More specifically, a DAS is a network of spatially-separated antennas connected to a common signal source and distributed throughout a defined coverage area to support and enhance the transmission of public cellar network signals.

What are the Benefits of In-Building Cellular Enhancement?

Modern healthcare embraces an undeniable fact – technology positively impacts lives.

Occupying a position at the forefront of healthcare technology is Cellular. Cellular (or Mobile) technology enables reliable and efficient communication between doctors, nurses, caregivers, and support staff, assisting in the delivery of key patient services. It provides a wireless backbone for user-device-based communications applications, medical equipment, IoT devices, and essential points of interface for healthcare staff and administrators.

Cellular also plays a key role in the patient and guest experience with a healthcare facility, as each expects a flawless interaction with their favorite wireless devices to communicate with loved ones, stream video, or otherwise remain educated and entertained during their stay.

Healthcare facilities, and in particular, hospitals, present some of the most challenging scenarios for cellular networks. Many older buildings’ designs include lead-lined rooms and tiled walls, environments that work against wide-ranging radiofrequency (RF) coverage.

Newer building construction includes a preponderance of steel, concrete, and low-emissivity (Low-E) glass, which creates a different set of challenges for a reliable cellular signal in large hospitals or multiple-level clinics.

Simply put, the density of materials, coupled with the square footage within a healthcare structure make it difficult for outside cellular signals to penetrate and populate the entirety of the space.

Telecommunications industry analysts state as much as 80% of all cellular network demand occurs inside buildings and structures, and demand and data consumption will continue to increase exponentially as (1) carriers roll out 5G coverage and (2) innovators tap into the additional bandwidth and speed made available by the generation advancement in the network.
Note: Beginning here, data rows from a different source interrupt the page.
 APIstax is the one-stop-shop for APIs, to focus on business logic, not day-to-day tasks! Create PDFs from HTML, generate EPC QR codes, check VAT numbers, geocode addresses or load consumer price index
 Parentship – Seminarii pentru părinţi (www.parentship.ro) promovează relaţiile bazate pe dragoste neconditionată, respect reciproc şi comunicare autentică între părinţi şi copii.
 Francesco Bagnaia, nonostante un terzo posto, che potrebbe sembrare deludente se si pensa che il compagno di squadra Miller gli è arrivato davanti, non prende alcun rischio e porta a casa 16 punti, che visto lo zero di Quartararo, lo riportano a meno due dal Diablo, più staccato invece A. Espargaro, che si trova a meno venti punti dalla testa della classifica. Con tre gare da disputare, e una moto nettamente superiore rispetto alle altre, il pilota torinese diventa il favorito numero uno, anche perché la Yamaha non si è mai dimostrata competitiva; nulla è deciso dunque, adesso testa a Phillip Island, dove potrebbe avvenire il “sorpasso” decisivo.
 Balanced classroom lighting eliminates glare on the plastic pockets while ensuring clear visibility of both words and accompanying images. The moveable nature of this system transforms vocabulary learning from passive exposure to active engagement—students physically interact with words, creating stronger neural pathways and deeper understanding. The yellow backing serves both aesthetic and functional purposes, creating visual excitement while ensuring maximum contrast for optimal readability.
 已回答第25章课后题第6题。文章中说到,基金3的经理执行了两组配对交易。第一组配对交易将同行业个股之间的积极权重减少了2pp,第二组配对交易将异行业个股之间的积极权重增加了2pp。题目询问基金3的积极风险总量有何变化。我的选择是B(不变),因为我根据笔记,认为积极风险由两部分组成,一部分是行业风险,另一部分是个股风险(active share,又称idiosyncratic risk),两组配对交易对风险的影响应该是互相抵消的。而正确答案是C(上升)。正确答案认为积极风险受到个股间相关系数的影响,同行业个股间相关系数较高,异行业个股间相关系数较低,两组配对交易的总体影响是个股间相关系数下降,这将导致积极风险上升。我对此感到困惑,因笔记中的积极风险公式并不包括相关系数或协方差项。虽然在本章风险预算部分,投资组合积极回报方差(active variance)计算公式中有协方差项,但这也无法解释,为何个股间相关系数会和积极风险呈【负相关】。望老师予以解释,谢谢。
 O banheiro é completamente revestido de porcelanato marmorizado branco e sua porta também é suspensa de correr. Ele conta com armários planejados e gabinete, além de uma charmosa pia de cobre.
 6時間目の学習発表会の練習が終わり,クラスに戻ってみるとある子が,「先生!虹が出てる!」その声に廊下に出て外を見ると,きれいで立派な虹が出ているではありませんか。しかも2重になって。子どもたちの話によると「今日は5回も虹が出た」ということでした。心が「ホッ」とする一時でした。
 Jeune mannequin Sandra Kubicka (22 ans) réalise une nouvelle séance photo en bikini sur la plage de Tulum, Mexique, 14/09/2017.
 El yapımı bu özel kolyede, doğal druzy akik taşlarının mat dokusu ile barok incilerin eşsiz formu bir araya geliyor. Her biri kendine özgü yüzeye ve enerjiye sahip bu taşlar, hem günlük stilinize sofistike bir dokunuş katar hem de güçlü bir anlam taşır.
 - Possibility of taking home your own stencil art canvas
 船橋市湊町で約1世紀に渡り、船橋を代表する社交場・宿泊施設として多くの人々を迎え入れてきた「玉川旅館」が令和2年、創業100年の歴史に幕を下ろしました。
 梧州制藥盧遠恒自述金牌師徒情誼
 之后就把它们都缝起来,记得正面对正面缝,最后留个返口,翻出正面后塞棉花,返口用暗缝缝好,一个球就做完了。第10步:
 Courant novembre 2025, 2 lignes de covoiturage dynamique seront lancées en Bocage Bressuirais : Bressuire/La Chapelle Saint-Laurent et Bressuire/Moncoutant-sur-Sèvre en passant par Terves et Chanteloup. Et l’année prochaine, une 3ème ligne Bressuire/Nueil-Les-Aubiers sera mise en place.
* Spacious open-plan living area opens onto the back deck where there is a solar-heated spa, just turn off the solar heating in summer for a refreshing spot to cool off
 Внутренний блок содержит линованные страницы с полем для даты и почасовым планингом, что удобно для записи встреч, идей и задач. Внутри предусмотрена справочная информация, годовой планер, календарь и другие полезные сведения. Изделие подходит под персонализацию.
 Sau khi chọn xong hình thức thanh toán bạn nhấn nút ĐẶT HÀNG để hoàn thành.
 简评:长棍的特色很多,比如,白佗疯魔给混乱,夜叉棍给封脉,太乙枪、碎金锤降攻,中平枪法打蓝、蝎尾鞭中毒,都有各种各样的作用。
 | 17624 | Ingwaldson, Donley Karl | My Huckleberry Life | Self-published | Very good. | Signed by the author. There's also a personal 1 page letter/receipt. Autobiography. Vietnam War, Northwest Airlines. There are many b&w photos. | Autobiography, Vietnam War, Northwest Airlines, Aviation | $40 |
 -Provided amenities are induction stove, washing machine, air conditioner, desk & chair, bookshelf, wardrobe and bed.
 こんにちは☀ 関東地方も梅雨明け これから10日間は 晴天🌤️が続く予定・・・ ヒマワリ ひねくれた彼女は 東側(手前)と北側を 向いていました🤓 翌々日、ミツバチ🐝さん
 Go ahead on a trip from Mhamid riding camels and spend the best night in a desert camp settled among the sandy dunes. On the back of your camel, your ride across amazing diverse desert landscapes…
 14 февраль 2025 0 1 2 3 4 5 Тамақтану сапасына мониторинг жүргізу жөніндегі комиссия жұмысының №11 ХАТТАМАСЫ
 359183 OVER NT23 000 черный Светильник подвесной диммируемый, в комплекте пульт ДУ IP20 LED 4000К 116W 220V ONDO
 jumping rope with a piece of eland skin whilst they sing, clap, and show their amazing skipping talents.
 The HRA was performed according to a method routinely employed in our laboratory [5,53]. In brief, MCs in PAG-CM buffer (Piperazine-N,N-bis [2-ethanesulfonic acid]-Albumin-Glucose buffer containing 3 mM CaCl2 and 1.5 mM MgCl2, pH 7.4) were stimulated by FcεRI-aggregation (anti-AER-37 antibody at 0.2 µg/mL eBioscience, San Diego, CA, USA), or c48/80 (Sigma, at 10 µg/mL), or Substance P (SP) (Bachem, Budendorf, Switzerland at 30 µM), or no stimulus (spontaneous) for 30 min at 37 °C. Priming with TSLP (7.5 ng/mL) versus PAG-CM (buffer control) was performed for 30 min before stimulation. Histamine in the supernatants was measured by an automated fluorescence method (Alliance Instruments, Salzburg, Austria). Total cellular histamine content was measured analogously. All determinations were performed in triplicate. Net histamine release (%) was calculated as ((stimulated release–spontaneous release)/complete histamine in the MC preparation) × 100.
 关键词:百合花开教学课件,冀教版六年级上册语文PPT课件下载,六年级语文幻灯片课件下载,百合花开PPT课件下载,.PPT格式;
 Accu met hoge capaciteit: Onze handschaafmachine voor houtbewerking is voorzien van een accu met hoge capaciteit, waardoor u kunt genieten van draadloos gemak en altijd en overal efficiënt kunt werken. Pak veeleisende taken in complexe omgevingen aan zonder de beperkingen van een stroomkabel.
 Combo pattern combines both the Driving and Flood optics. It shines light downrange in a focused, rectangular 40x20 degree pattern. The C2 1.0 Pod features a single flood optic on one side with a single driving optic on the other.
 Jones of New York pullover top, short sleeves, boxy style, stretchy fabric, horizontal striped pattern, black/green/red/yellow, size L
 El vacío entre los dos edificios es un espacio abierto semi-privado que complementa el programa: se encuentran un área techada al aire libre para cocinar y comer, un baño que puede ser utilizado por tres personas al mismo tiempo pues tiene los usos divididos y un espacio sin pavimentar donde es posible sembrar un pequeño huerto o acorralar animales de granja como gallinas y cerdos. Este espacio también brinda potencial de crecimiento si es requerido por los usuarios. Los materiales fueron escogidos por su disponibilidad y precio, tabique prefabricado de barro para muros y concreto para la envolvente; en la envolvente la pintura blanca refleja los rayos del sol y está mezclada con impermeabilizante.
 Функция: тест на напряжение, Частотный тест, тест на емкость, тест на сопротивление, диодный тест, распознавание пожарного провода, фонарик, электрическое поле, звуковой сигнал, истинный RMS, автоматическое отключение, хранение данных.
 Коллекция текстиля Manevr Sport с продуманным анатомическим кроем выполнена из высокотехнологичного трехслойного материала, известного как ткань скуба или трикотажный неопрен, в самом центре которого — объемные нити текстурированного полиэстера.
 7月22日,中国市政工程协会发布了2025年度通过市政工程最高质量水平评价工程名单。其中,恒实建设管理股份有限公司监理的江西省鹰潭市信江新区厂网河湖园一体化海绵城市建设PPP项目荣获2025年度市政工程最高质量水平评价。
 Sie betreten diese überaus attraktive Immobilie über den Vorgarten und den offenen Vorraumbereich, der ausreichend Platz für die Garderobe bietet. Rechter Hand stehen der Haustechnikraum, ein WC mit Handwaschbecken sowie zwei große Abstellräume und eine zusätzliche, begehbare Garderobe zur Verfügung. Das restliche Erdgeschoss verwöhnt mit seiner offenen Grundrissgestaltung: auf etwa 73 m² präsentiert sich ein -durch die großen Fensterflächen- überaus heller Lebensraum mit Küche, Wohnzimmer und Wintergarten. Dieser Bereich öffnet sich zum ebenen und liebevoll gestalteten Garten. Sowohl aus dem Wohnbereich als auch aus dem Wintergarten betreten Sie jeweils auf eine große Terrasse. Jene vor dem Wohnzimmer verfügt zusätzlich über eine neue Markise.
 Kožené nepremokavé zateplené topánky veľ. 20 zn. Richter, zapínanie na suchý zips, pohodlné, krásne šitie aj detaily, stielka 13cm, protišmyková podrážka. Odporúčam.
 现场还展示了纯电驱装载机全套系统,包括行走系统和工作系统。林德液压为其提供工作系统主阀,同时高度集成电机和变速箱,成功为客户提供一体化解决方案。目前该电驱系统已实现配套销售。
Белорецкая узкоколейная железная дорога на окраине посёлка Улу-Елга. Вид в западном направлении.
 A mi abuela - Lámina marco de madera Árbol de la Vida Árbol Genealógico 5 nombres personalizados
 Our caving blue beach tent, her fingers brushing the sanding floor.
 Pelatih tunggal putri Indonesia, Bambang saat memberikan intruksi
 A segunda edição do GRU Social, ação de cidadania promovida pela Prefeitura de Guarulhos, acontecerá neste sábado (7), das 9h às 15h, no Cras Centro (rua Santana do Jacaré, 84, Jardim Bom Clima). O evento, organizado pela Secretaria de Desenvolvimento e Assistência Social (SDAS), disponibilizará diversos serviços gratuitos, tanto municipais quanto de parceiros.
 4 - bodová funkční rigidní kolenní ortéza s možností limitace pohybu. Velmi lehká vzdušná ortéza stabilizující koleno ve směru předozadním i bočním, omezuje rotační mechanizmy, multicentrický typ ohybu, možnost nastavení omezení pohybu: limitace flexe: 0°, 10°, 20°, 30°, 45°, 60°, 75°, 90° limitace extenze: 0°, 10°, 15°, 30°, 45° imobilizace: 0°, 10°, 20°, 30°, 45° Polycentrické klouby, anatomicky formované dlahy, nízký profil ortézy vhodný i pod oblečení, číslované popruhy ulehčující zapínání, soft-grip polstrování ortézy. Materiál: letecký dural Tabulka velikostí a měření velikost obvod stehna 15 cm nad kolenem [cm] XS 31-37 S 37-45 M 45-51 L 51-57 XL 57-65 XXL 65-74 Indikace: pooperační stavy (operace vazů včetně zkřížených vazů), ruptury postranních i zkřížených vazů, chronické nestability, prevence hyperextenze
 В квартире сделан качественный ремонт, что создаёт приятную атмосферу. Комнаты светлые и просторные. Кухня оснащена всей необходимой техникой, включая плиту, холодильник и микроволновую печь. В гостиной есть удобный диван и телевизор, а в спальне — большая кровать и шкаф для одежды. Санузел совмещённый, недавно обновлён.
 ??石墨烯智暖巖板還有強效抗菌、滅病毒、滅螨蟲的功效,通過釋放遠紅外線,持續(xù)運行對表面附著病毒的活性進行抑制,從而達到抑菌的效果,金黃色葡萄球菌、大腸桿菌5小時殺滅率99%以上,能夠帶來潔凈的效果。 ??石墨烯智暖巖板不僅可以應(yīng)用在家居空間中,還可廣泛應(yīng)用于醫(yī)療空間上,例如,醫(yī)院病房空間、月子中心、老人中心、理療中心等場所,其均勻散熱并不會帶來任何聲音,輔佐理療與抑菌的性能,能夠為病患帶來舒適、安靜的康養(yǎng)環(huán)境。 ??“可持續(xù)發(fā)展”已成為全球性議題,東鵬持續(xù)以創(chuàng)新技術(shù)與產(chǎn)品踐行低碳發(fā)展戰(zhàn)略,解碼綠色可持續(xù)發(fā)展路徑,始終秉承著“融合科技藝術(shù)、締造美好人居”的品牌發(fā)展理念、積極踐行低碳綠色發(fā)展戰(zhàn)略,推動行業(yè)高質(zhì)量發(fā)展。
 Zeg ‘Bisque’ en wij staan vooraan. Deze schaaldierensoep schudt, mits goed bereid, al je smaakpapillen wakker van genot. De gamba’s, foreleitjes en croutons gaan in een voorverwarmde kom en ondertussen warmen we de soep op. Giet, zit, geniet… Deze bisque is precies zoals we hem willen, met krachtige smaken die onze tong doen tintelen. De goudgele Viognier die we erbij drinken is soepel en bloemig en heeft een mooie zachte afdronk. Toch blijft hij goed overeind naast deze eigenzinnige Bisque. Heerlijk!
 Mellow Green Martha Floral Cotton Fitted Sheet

For healthcare venue facing these challenges, a distributed antenna system, or DAS, is the perfect solution to extend public cellular network coverage and connectivity into all areas of your property. Eliminating dropped calls and increasing the speed and capacity of the network experience will result in higher productivity and greater user satisfaction by those onsite.

How Does a DAS Work?

Every DAS has two key elements – a signal source and a distribution system. There are three kinds of signal sources that receive cellular signals from mobile carriers, and they are (1) off-air antennas, (2) on-site base transceiver stations (BTS), and (3) small cells. Once the signal is secured from the carrier, it is distributed throughout the environment via different types of solutions, notably active, passive, small cell, or picocell distribution systems.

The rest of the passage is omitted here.